Without including any picture, copy the entries that follow word for word.

___

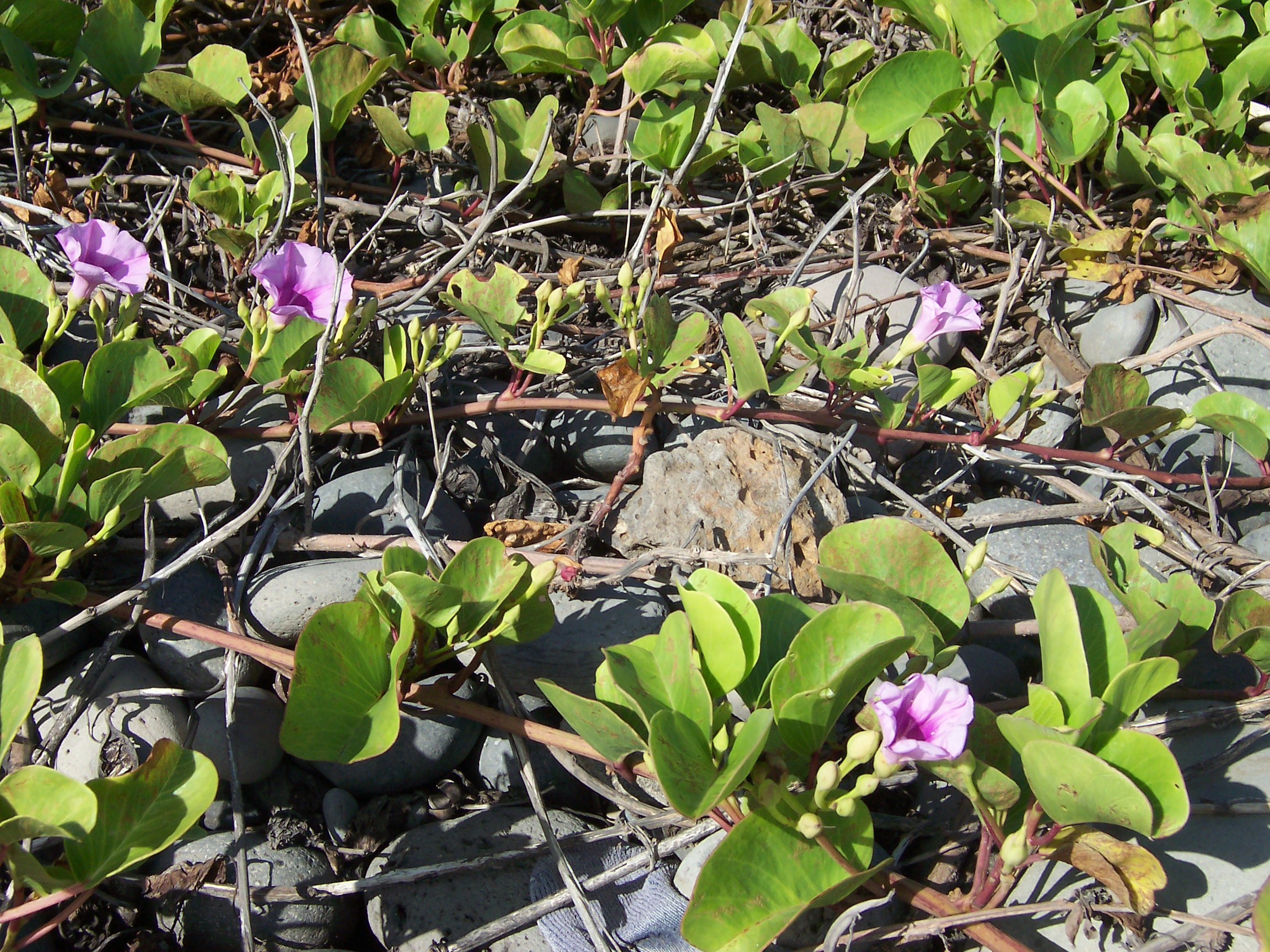 Ipomoea pes-caprae, on the pebble shore of Saint-Denis (Réunion)
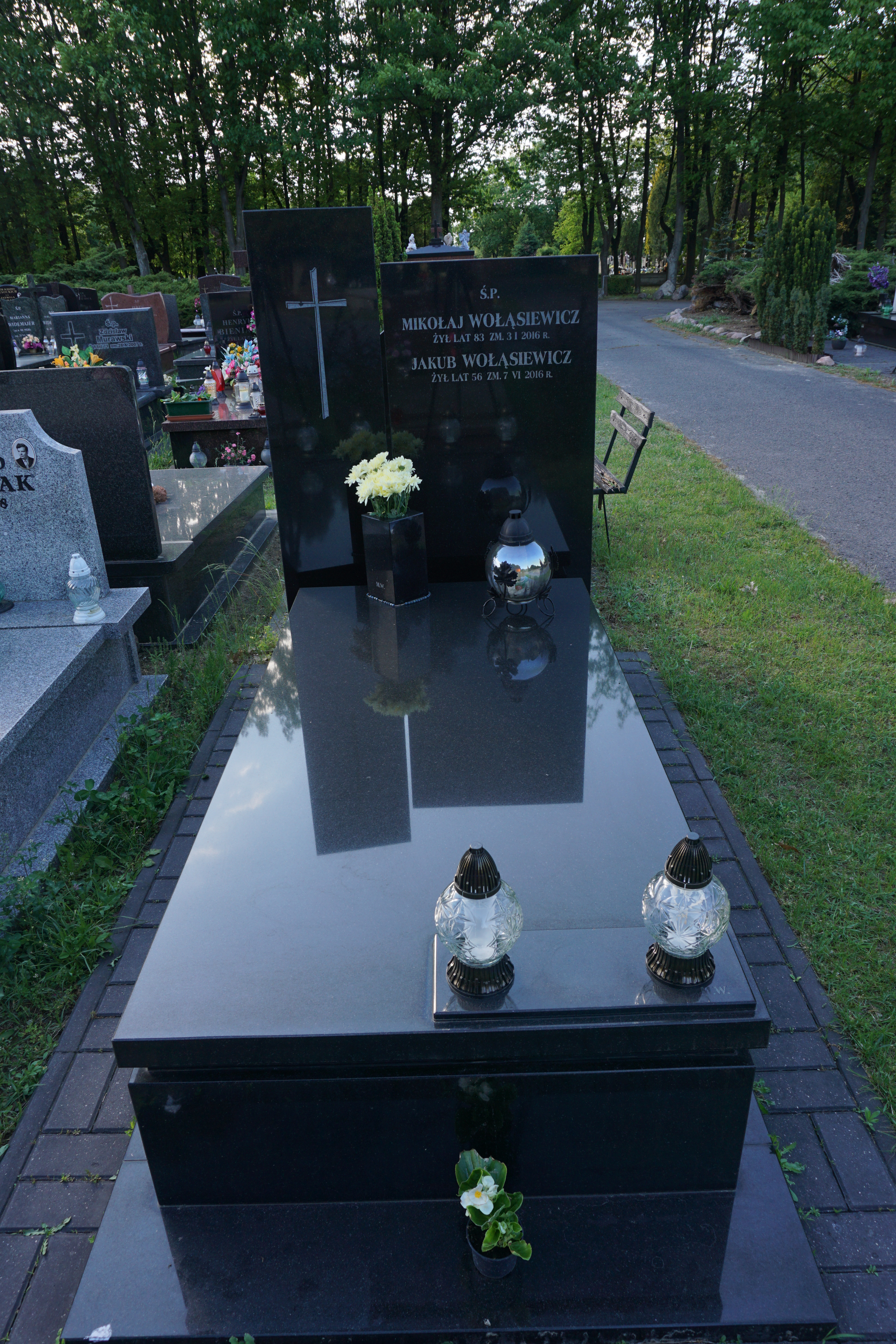 The grave of Jakub Wołąsiewicz at the North Municipal Cemetery in Warsaw (section B-VI-1, row 2, grave 1)
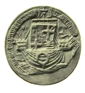 Seal of Arthur Plantagenet as Vice-Admiral of England, Ireland and Aquitaine. 1525-1542 Legend: " .........admiralli.anglie.hibernie.et.acquitta."
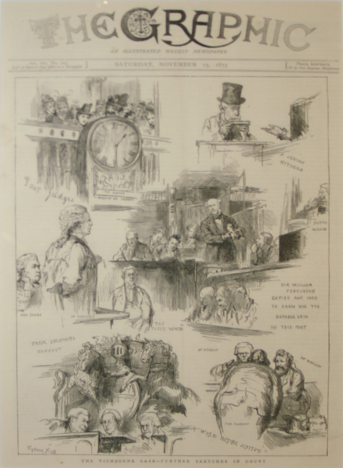 The Graphic - Tichborne Case (1873). Museum of the Riverina
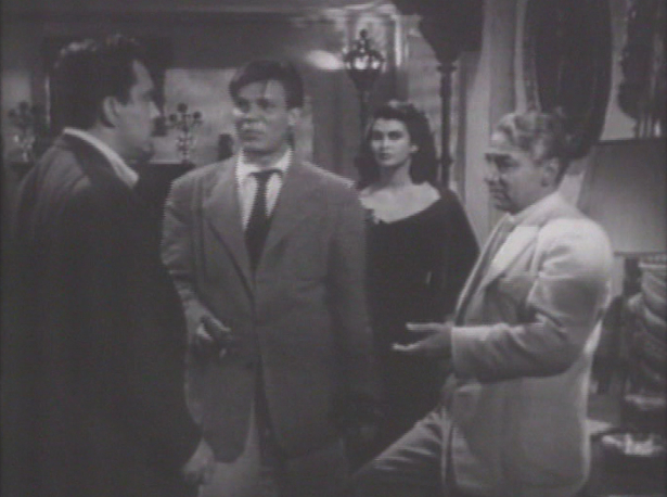 Cropped screenshot of Edmond O'Brien, Neville Brand, Laurette Luez and Luther Adler from the film D.O.A. (1950).
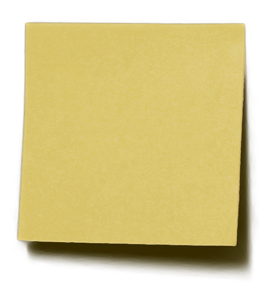 Post-It note with transparent background. (Super-sticky genuine original 3M version!)
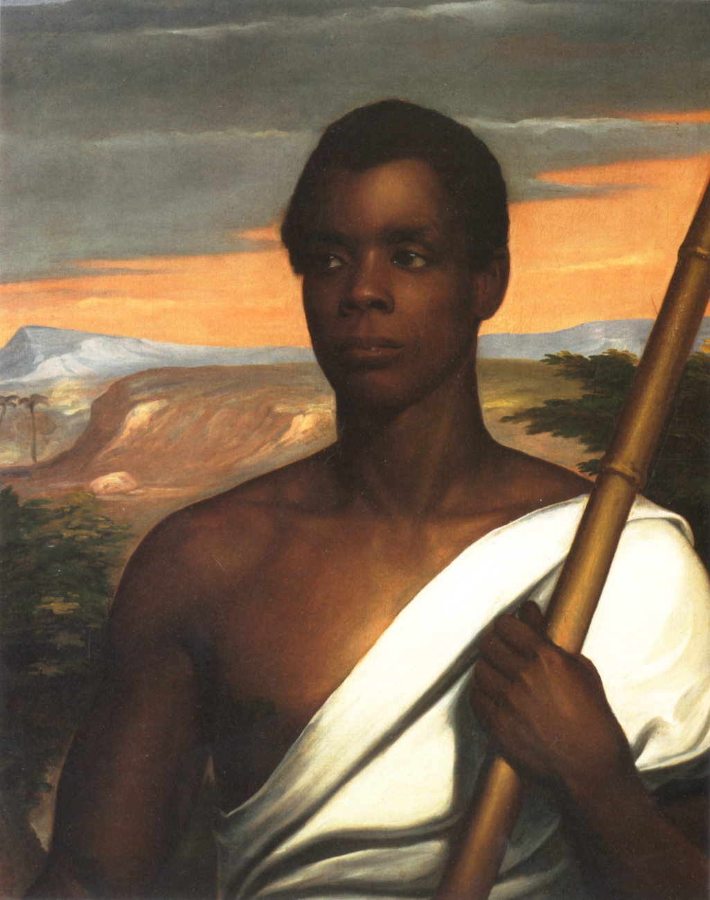 Portrait of Sengbe Pieh (Joseph Cinqué)
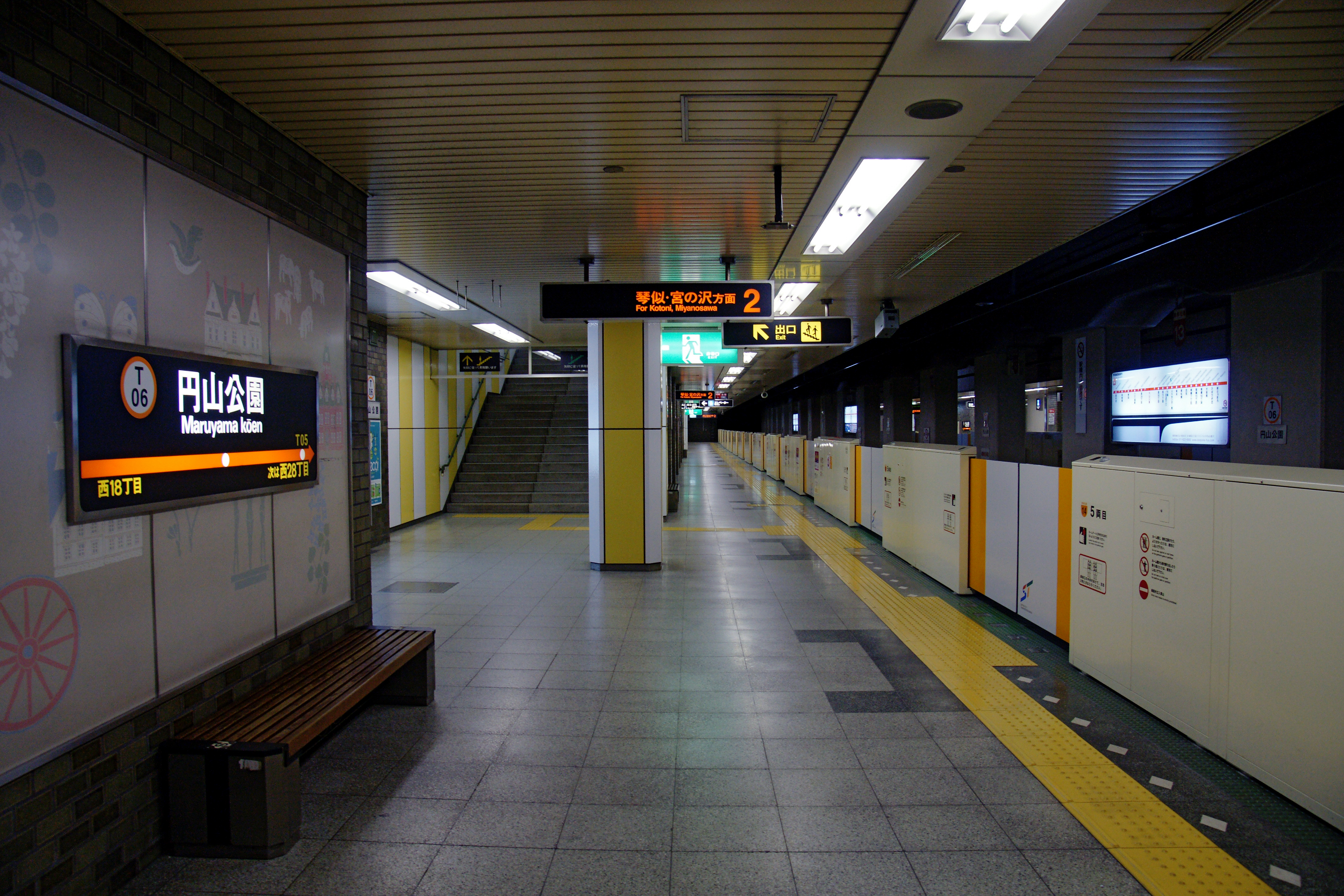 Maruyama koen Station in Sapporo, Hokkaido prefecture, Japan

___

**Worked solution:**
 Ipomoea pes-caprae, on the pebble shore of Saint-Denis (Réunion)
 The grave of Jakub Wołąsiewicz at the North Municipal Cemetery in Warsaw (section B-VI-1, row 2, grave 1)
 Seal of Arthur Plantagenet as Vice-Admiral of England, Ireland and Aquitaine. 1525-1542 Legend: " .........admiralli.anglie.hibernie.et.acquitta."
 The Graphic - Tichborne Case (1873). Museum of the Riverina
 Cropped screenshot of Edmond O'Brien, Neville Brand, Laurette Luez and Luther Adler from the film D.O.A. (1950).
 Post-It note with transparent background. (Super-sticky genuine original 3M version!)
 Portrait of Sengbe Pieh (Joseph Cinqué)
 Maruyama koen Station in Sapporo, Hokkaido prefecture, Japan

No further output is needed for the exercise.